RECORDED DATA START

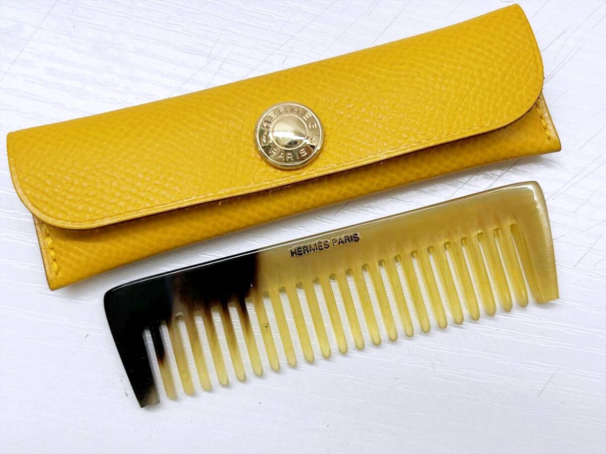 美品 HERMES エルメス バッファローホーン コーム 櫛 くし セリエ レザーケース付き
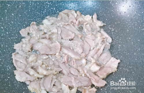 锅涮干净,小火烧六成热时,放入适量花生油,先放肉片大火爆炒至九成熟再铲出来备用。
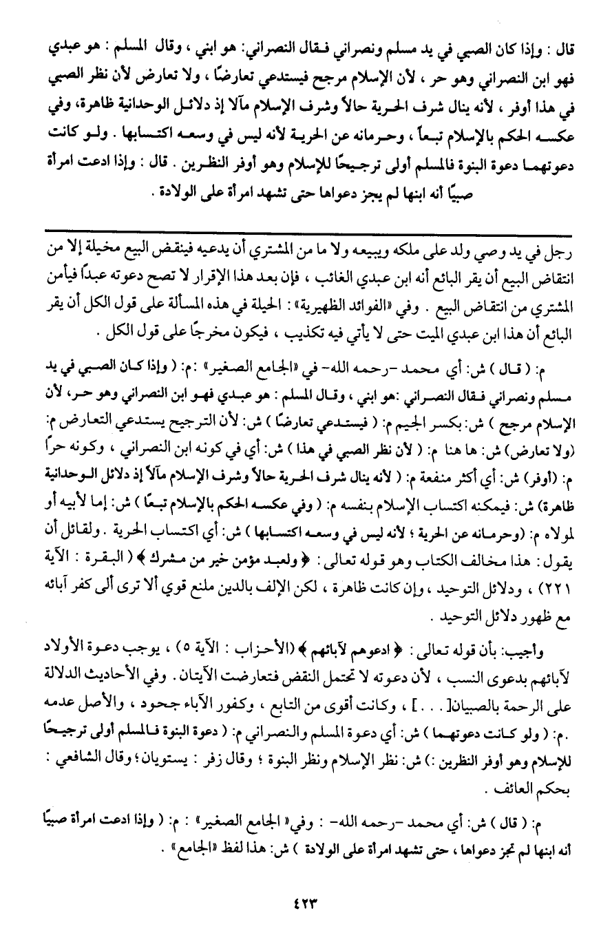 م: (قال) ش: أي محمد - رَحِمَهُ اللَّهُ - في " الجامع الصغير ": م: (وإذا كان الصبي في يد مسلم ونصراني فقال النصراني: هو ابني، وقال المسلم: هو عبدي فهو ابن النصراني وهو حر، لأن الإسلام مرجح) ش: بكسر الجيم م: (فيستدعي تعارضاً) ش: لأن الترجيح يستدعي التعارض م: (ولا تعارض) ش: ها هنا م: (لأن نظر الصبي في هذا) ش: أي في كونه ابن النصراني، وكونه حراً م: (أوفر) ش: أي أكثر منفعة م: (لأنه ينال شرف الحرية حالاً وشرف الإسلام مآلا إذ دلائل الوحدانية ظاهرة) ش: فيمكنه اكتساب الإسلام بنفسه م: (وفي عكسه الحكم بالإسلام تبعاً) ش: إما لأبيه أو لمولاه م: (وحرمانه عن الحرية؛ لأنه ليس في وسعه اكتسابها) ش: أي اكتساب الحرية. ولقائل أن يقول: هذا مخالف الكتاب وهو قَوْله تَعَالَى {وَلَعَبْدٌ مُؤْمِنٌ خَيْرٌ مِنْ مُشْرِكٍ} [البقرة: 221] (البقرة: الآية 221) ، ودلائل التوحيد، وإن كانت ظاهرة، لكن الإلف بالدين مانع قوي ألا ترى إلى كفر آبائه مع ظهور دلائل التوحيد.
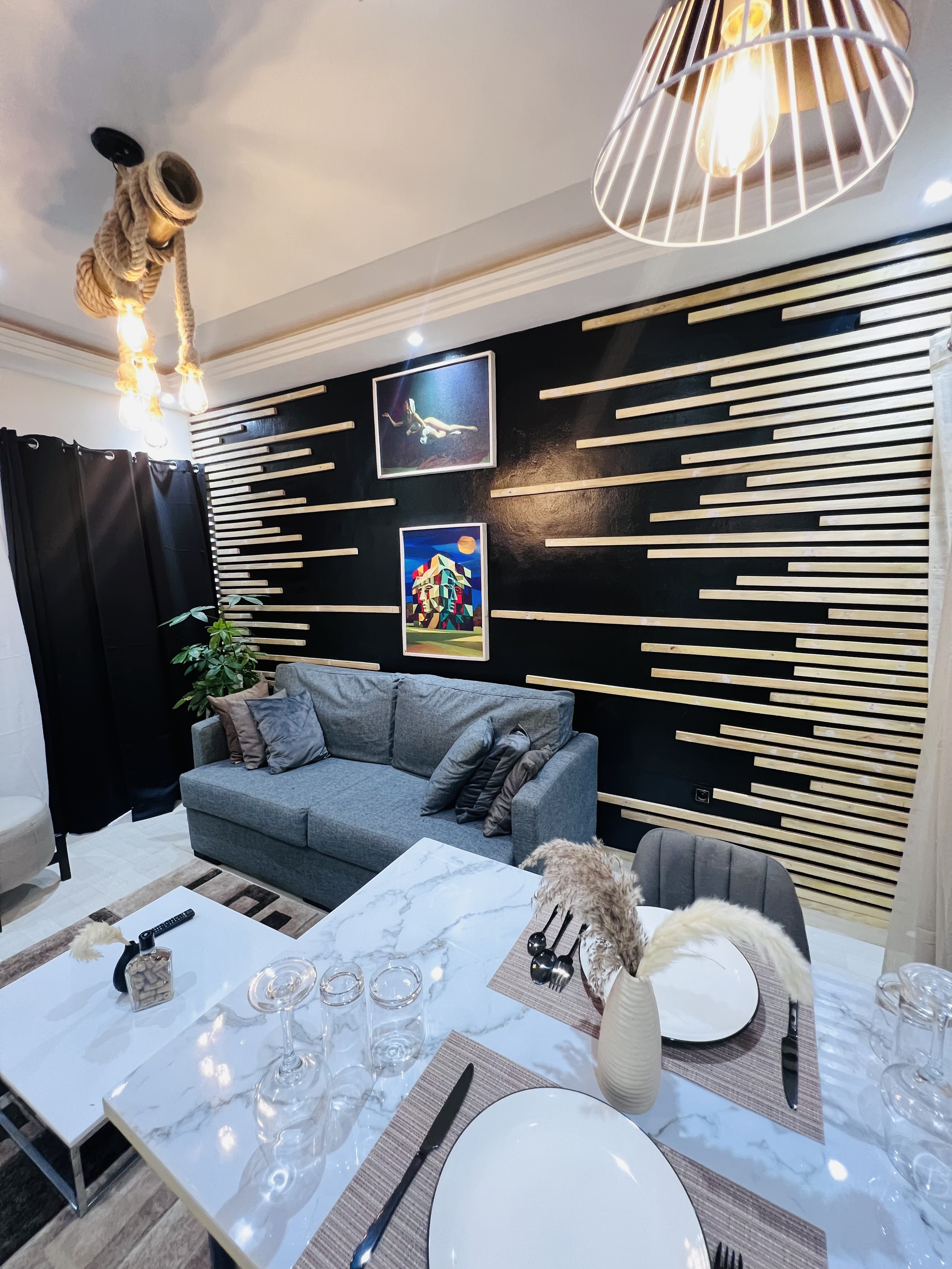 Découvrez l'élégance intemporelle de notre appartement à la décoration noire et blanc, un espace conçu pour captiver et inspirer. Plongez dans un univers de sophistication où le noir devient l'essence même du raffinement et de la modernité. L'Élégance Noire est bien plus qu'un simple lieu de séjour : c'est une expérience sensorielle. Pour ceux en quête de sophistication et de style, cet appartement incarne le luxe et l'exclusivité.
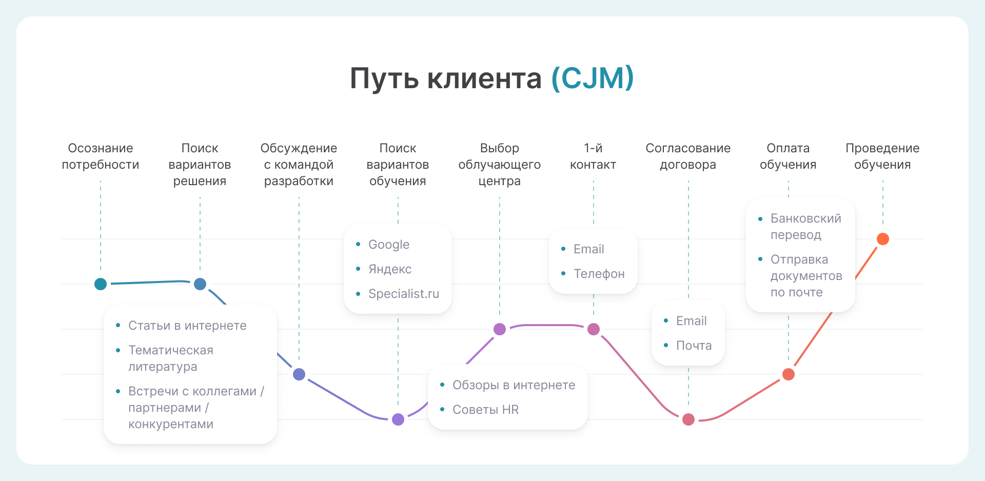 Customer Journey Map. С помощью Customer Journey Map удается изучить путь пользователя от момента осознания потребности до покупки или скачивания продукта. С помощью такой карты получается увидеть действия клиентов, которые он совершает при выборе сервиса или услуги.
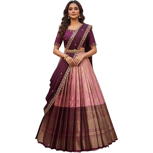 5051 reviews for Fabcartz Beautiful South Indian Style Unstitch Lehenga Choli for Women | PL228
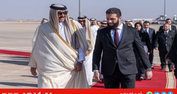 دمشق: وصل أمير دولة قطر الشيخ تميم بن حمد آل ثاني إلى العاصمة دمشق، في أول زيارة لزعيم عربي إلى سوريا منذ سقوط حكم بشارالأسد وتسلم أحمد الشرع رئاسة سوريا لمرحلة انتقالية.
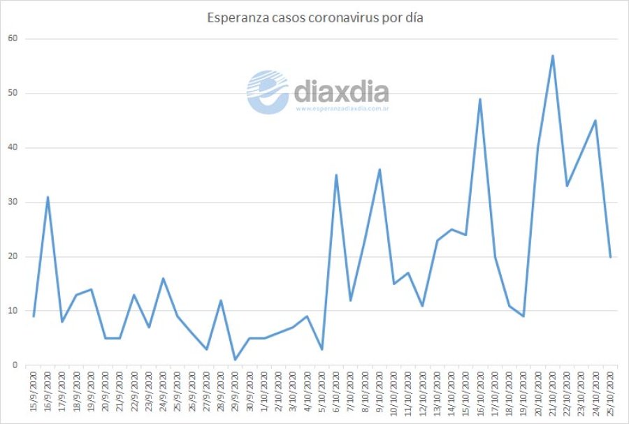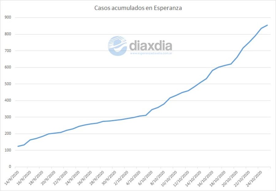 En base a la estadística provincial y sus acumulados Esperanza estaría duplicando casos en 15 días pero si nos aferramos a la diferencia informada en el parte local el lapso de duplicación es mucho menor.
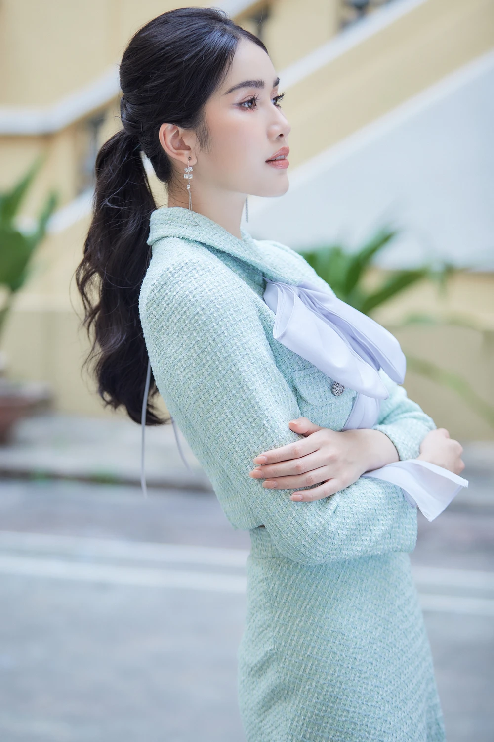 Vẫn với lối trang điểm nhẹ nhàng, nàng hậu lần này khéo léo lựa chọn những trang phục tôn lên thần thái nhã nhặn, sang trọng của mình trong từng khung hình.
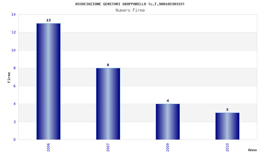 | Anno | Firme | Importi | Media | Naz. | Reg. | Prov. | Comu. |
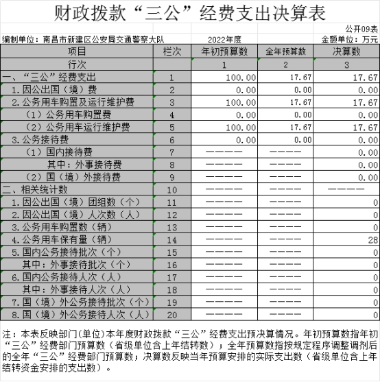 (三)公務用車購置及運行維護費支出17.67萬元,其中公務用車購置年初預算數為0萬元,決算數為0萬元,完成預算的0%,決算數較2021年增加00萬元,增長0 %,主要原因是:未購置公務車輛,全年購置公務用車0輛。決算數較年初預算數增加的主要原因是:未購置公務車輛;公務用車運行維護費支出年初預算數為100萬元,決算數為17.67萬元,完成預算的17.67%,決算數較2021年減少41.15萬元,下降69.96%,主要原因是:因劃歸南昌市公安局交通管理局的原因,車輛燃油費用由南昌市公安局交通管理局保障,年末公務用車保有28輛。決算數較年初預算數減少的主要原因是:因劃歸南昌市公安局交通管理局的原因,車輛燃油費用由南昌市公安局交通管理局保障。

RECORDED DATA END

▸ WHAT IS BEING ASKED:
Copy out exactly the material that runs from the line with "锅涮干净,小火烧六成热时,放" to the line with "Découvrez l'élégance intemporelle", ends included, and leave the pictures behind.

▸ WRITTEN REPLY:
 锅涮干净,小火烧六成热时,放入适量花生油,先放肉片大火爆炒至九成熟再铲出来备用。
 م: (قال) ش: أي محمد - رَحِمَهُ اللَّهُ - في " الجامع الصغير ": م: (وإذا كان الصبي في يد مسلم ونصراني فقال النصراني: هو ابني، وقال المسلم: هو عبدي فهو ابن النصراني وهو حر، لأن الإسلام مرجح) ش: بكسر الجيم م: (فيستدعي تعارضاً) ش: لأن الترجيح يستدعي التعارض م: (ولا تعارض) ش: ها هنا م: (لأن نظر الصبي في هذا) ش: أي في كونه ابن النصراني، وكونه حراً م: (أوفر) ش: أي أكثر منفعة م: (لأنه ينال شرف الحرية حالاً وشرف الإسلام مآلا إذ دلائل الوحدانية ظاهرة) ش: فيمكنه اكتساب الإسلام بنفسه م: (وفي عكسه الحكم بالإسلام تبعاً) ش: إما لأبيه أو لمولاه م: (وحرمانه عن الحرية؛ لأنه ليس في وسعه اكتسابها) ش: أي اكتساب الحرية. ولقائل أن يقول: هذا مخالف الكتاب وهو قَوْله تَعَالَى {وَلَعَبْدٌ مُؤْمِنٌ خَيْرٌ مِنْ مُشْرِكٍ} [البقرة: 221] (البقرة: الآية 221) ، ودلائل التوحيد، وإن كانت ظاهرة، لكن الإلف بالدين مانع قوي ألا ترى إلى كفر آبائه مع ظهور دلائل التوحيد.
 Découvrez l'élégance intemporelle de notre appartement à la décoration noire et blanc, un espace conçu pour captiver et inspirer. Plongez dans un univers de sophistication où le noir devient l'essence même du raffinement et de la modernité. L'Élégance Noire est bien plus qu'un simple lieu de séjour : c'est une expérience sensorielle. Pour ceux en quête de sophistication et de style, cet appartement incarne le luxe et l'exclusivité.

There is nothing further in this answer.